Género: Biopic, drama.
Interpretación: Frank Langella (Richard Nixon), Michael Sheen (David Frost), Kevin Bacon (Jack Brennan), Sam Rockwell (James Reston Jr.), Oliver Platt (Bob Zelnick), Rebecca Hall (Caroline Cushing), Matthew Macfadyen (John Birt), Toby Jones (Swifty Lazar).
Guión: Peter Morgan; basado en su obra.
Producción: Tim Bevan, Eric Fellner, Brian Grazer y Ron Howard.
Música: Hans Zimmer.
Fotografía:
Salvatore Totino.
Montaje: Dan Hanley y Mike Hill.
Diseño de producción: Michael Corenblith.
Vestuario: Daniel Orlandi.
Estreno en USA: 5 Diciembre 2008.
Estreno en España: 6 Febrero 2009.

CÓMO SE HIZO "EL DESAFÍO: FROST CONTRA NIXON"
Notas de producción © 2008 Universal Pictures

1. El proyecto

  El dramaturgo y guionista Peter Morgan entró en contacto con el mundo de David Frost y de Richard Nixon en 1992. Vio un programa biográfico del presentador y le fascinó lo que David Frost había sido capaz de conseguir del famoso y astuto personaje en las famosas “David Frost entrevista a Richard Nixon”, emitidas en 1977. Tal como le dijo el guionista al periodista Richard Brooks en una entrevista publicada en el Sunday Times en julio de 2006 “me sentí empujado por la imagen de esos dos hombres.
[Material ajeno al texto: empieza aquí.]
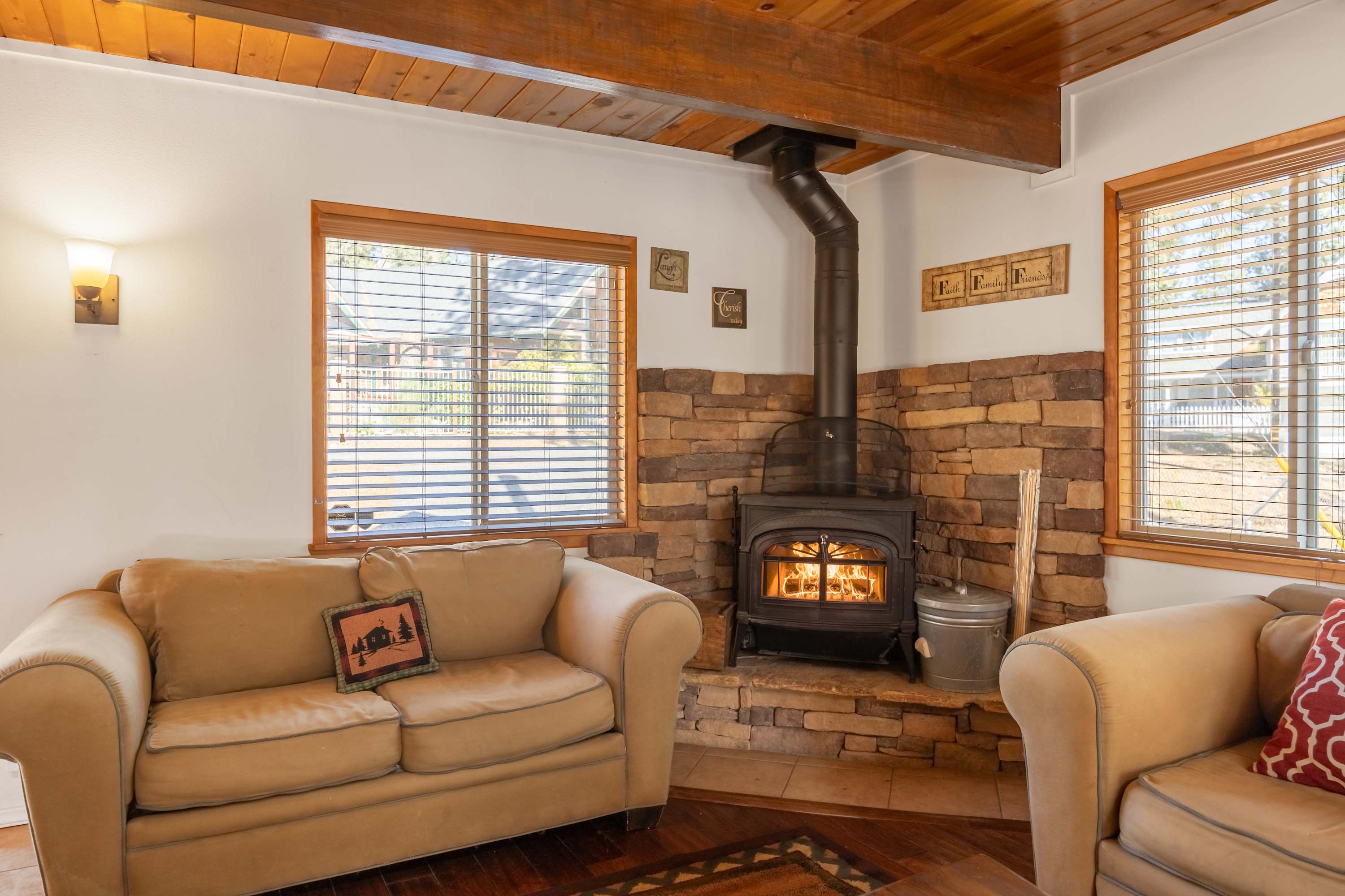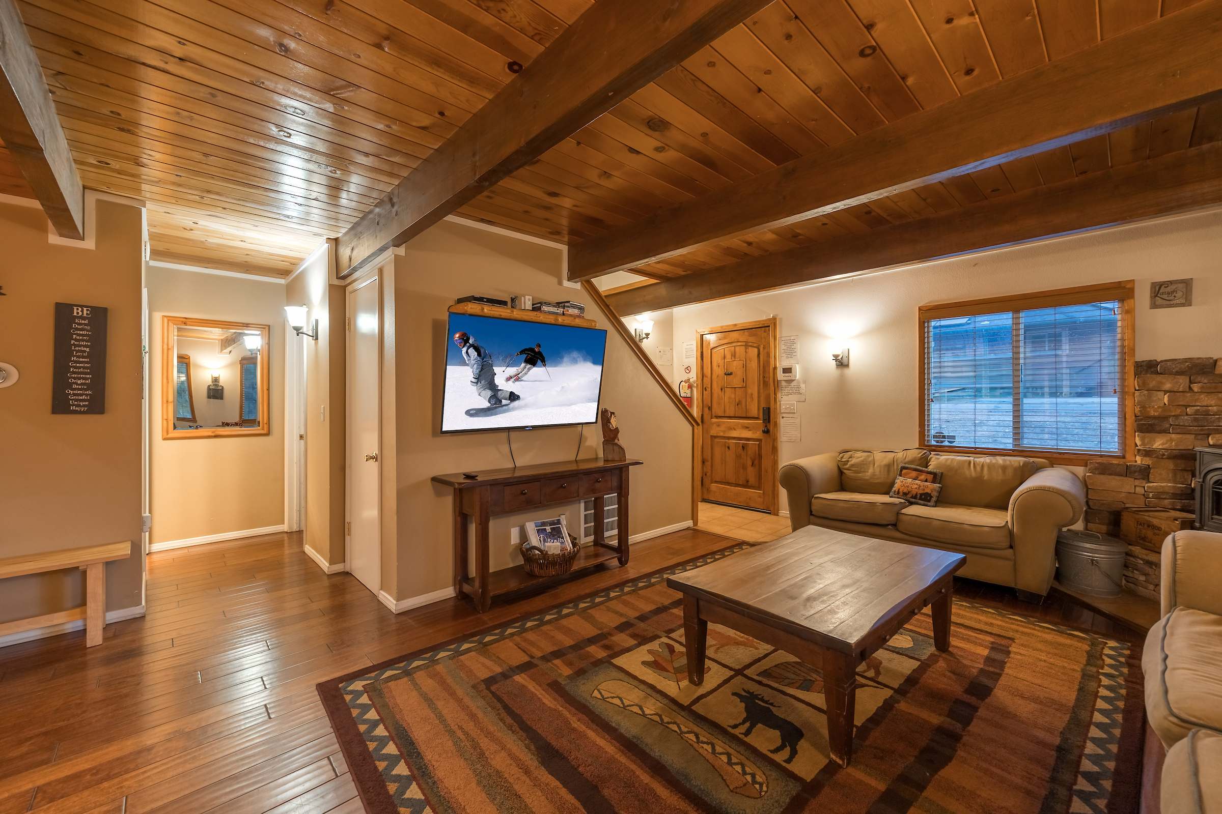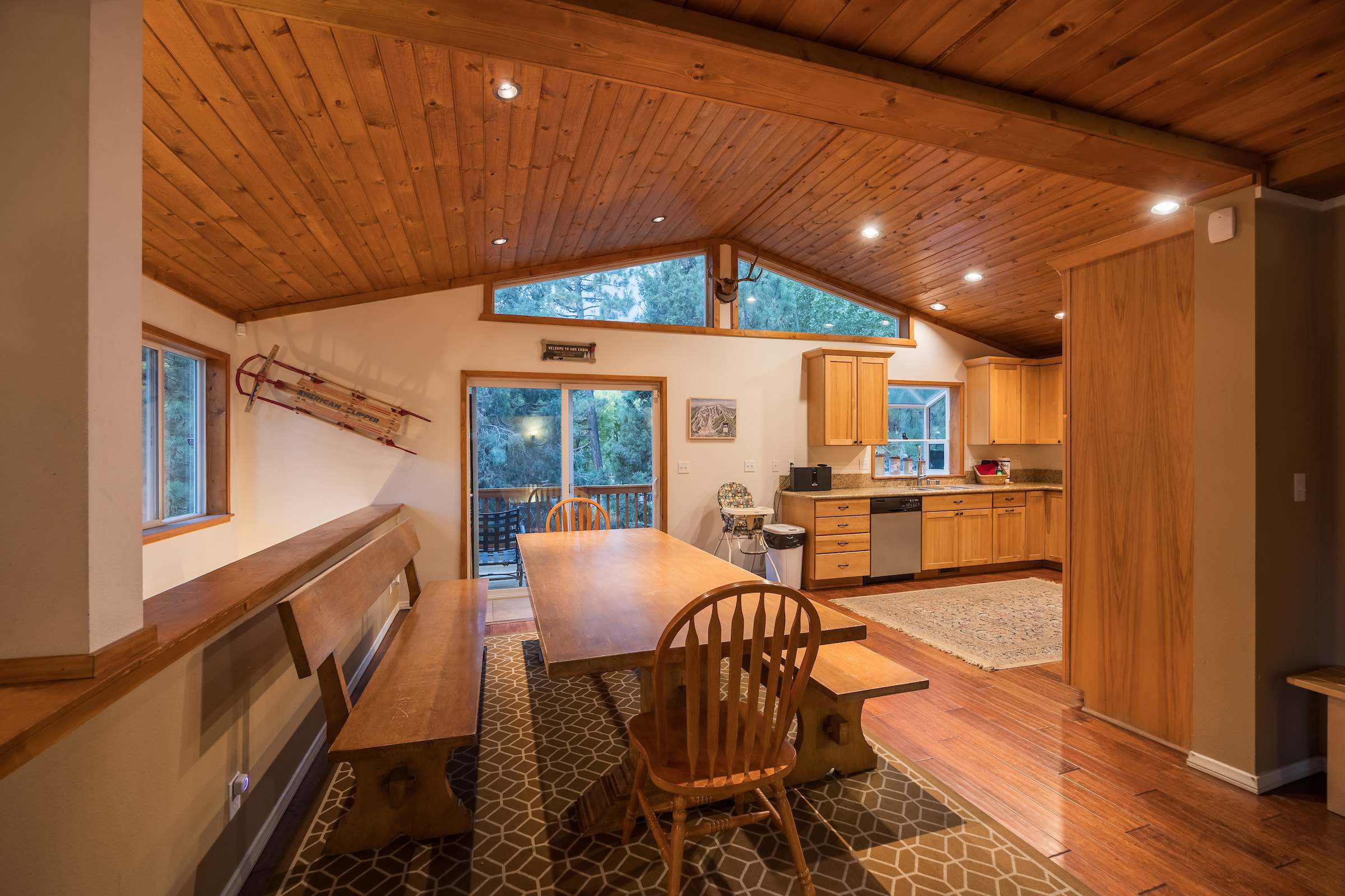 Cozy up at this spacious Big Bear retreat! 3 bedrooms, 3 baths, wood floors, a fireplace, full cook’s kitchen, game room, and fast Wi-Fi. Relax on the deck, soak in the hot tub, grill under the pines, and enjoy a fully fenced backyard. Steps to Meadow Park and the lake, and minutes to the Village, Snow Summit, and hiking—your ideal mountain escape!

El glamuroso Frost, a 15.000 metros en el aire, yendo de un lado a otro del Atlántico en el Concorde. Y Nixon, encerrado en una cueva y para quien la vida no era nada fácil”. El dramaturgo y guionista siempre se había sentido atraído por las figuras históricas complejas, como la reina Isabel II, Idi Amin Dada y Enrique VIII. Empezó a estudiar a Richard Nixon y a su mayor, y quizá más inesperado antagonista, David Frost. El presentador, auténtico playboy de la televisión británica, apostó su credibilidad y su carrera a cambio de la oportunidad de obtener una confesión durante las entrevistas. El contraste de la vida de ambos intrigó a Peter Morgan, que estaba convencido de que la historia podía convertirse en una obra de teatro, siempre y cuando las entrevistas se presentaran como “una pelea entre gladiadores, con las palabras y las ideas como únicas armas”. Peter Morgan empezó a documentarse: “Me di cuenta de que ambos campos se preparaban como lo hacen dos jugadores de ajedrez o dos boxeadores, había mucha estrategia. Pensé que sería posible redactar las escenas de las entrevistas con las palabras que usaron y darles un giro para obtener las subidas y bajadas de un auténtico enfrentamiento”. Al estudiar a los dos personajes, descubrió algo que le sería muy útil a la hora de escribir la obra: eran totalmente opuestos en cosas básicas. Explica: “Si se separa al Nixon ser humano del Nixon político, es imposible no sentir compasión por alguien para quien la vida en sí era difícil, la comunicación, la amistad... Al otro lado tenemos a David Frost, alguien para quien comunicar era innato, como lo era hacer amigos y caer bien. Nixon era todo lo contrario; no se fiaba de nadie, se sentía herido, es probable que no tuviera muchos amigos íntimos, no era feliz en su matrimonio, estaba solo”.

 

  El dramaturgo también cree que el presentador, conocido por su ironía, humor y capacidad de adulación, era más capaz de lo que dejaba entrever: “Frost era muy inseguro intelectualmente”, dice. “No le tomaban en serio”. Y refiriéndose al entrevistado, subraya: “Hay algo que no puede decirse de Nixon, y es que fuera un estúpido. Tenía un gran intelecto”. Peter Morgan, con los ingredientes en la mano, empezó a entusiasmarse.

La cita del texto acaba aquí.